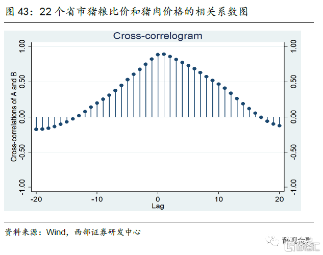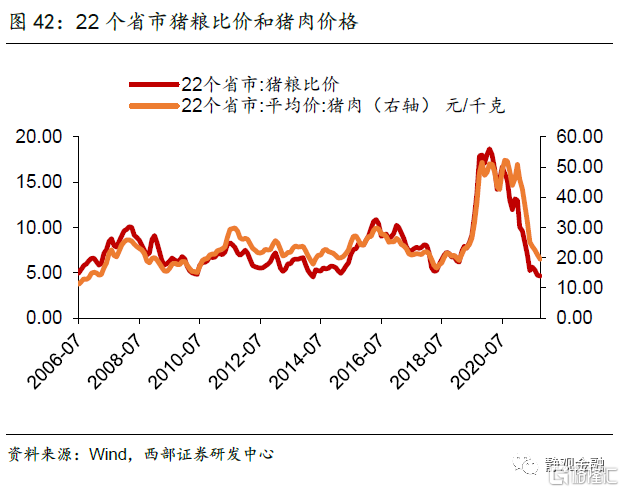 3)明年4月大概率对应本轮猪粮比周期底部。2006年至今猪粮比已走过近4轮周期,每轮长度4年左右,根据历年经验,我们大致推测2022年4-5月猪粮比有望触底。猪粮比与猪肉价格高度正相关,且猪粮比的1个月滞后项与猪肉价格相关系数最高(89.75%)。若猪粮比于明年4-5月触底,那么5月(不晚于6月)猪肉价格大概率实现触底反弹。
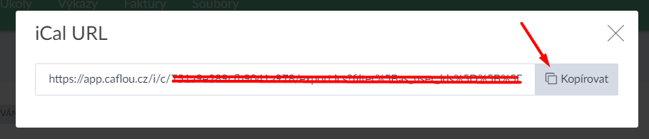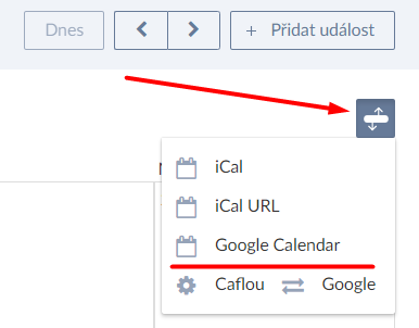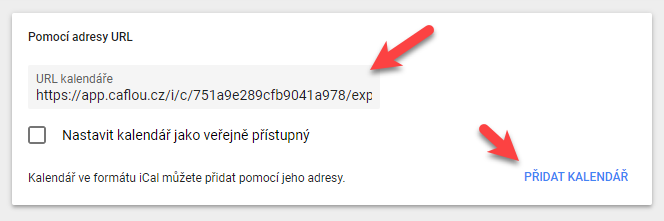 - pomocí iCal URL (tuto možnost lze použít i pro integraci s jinými kalendáři, než je Google kalendář, pokud tyto podporují import pomocí URL, tato integrace je jednostranná = Caflou > externí kalendář)
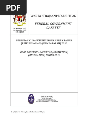 Pua 20131224 P U A 369 Perintah Cukai Keuntungan Harta Tanah Pengeculian Pembatalan 2013 Pdf

_EXERCISE BRIEF:_ Exclude every picture, then reproduce the remaining data character for character.

_RESULT OF THIS TASK:_
 3)明年4月大概率对应本轮猪粮比周期底部。2006年至今猪粮比已走过近4轮周期,每轮长度4年左右,根据历年经验,我们大致推测2022年4-5月猪粮比有望触底。猪粮比与猪肉价格高度正相关,且猪粮比的1个月滞后项与猪肉价格相关系数最高(89.75%)。若猪粮比于明年4-5月触底,那么5月(不晚于6月)猪肉价格大概率实现触底反弹。
 - pomocí iCal URL (tuto možnost lze použít i pro integraci s jinými kalendáři, než je Google kalendář, pokud tyto podporují import pomocí URL, tato integrace je jednostranná = Caflou > externí kalendář)
 Pua 20131224 P U A 369 Perintah Cukai Keuntungan Harta Tanah Pengeculian Pembatalan 2013 Pdf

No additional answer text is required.